Eppure la vita di Gigi (che fa la modella da quando ha 3 anni) non ha niente di normale. Nata e cresciuta a Los Angeles in una famiglia già ricchissima (il padre Mohamed Hadid sviluppa immobili e hotel di lusso a Bel Air, la madre Yolanda Hadid è un ex modella che ha partecipato a lungo al reality The Real Housewives of Beverly Hills) Gigi, come si legge su Wikipedia, discende da Daher Al Omer, principe di Nazareth e Sceicco di Galilea. La sua vita è un sogno da Mille e una notte, come quest’altro video di Vogue ci lascia immaginare.

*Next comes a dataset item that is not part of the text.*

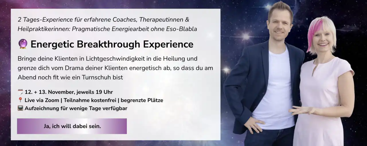 Energetic Breakthroug Experience – kostenloser 2 Abende-Live-Online-Workshop für Coaches, Therapeutinnen & Heilpraktikerinnen

La sorella Bella, famosa (oltre che per essere la sorella di Gigi Hadid) per il suo vestito rosso al Festival di Cannes e, più tristemente, per la rara malattia che condivide con la madre (di cui la famiglia parla apertamente sui social) fa da oscura cornice all’aura della pi grande, mettendone in risalto la luminosità. Bella è infatti la presenza saturnina, pallida, malata, raramente sorridente e dotata di una sensualità quasi aggressiva, struggente. Se fossimo nelle Affinità elettive di Goethe, Bella sarebbe Ottilie e Gigi Charlotte: apollinea, solare e dolce, esuberante, controllata, sana. Una versione 2.0 di Cindy Crawford, un po’ come Cara Delevigne era (o è? Ma dov’è finita?) la versione simpatica di Kate Moss.

Non più soltanto icone di stile e di bellezza, dunque, ma esempi da seguire in tutti gli aspetti della vita: dal senso di famiglia all’atteggiamento nei confronti dell’altro sesso. A essere cambiati sono il modo in cui le modelle si rappresentano e il nostro modo di accedere a queste loro auto-rappresentazioni (è facendo cose più “normali”, come indossare la faccia di cane di Snapchat, che Kendall Jenner ha battuto l’amica su Instagram, raggiungendo i 66,4 milioni di follower). C’è un desiderio di intimità e di normalità da entrambe le parti, modelle e pubblico, e una distanza incolmabile che ne alimenta il desiderio.

Pensando a questo, mi sovviene un ricordo d’infanzia. Rivedo mia sorella, una bionda di un metro e ottanta, il corpo lungo e abbronzato, che compie ampi cerchi con le gambe nella nostra cameretta, le mani appoggiate allo schienale di una sedia. Davanti a lei c’è il televisore, con dentro la videocassetta di Cindy Crawford che fa lo stesso esercizio (usando una semplice sedia, anche lei!). Pure Cindy ha le Nike Air Force bianche, come mia sorella, ma invece che in una casa di Galbiate, lei slancia le gambe nell’aria azzurra del crepuscolo di New York, sul tetto di un grattacielo, davanti a una telecamera.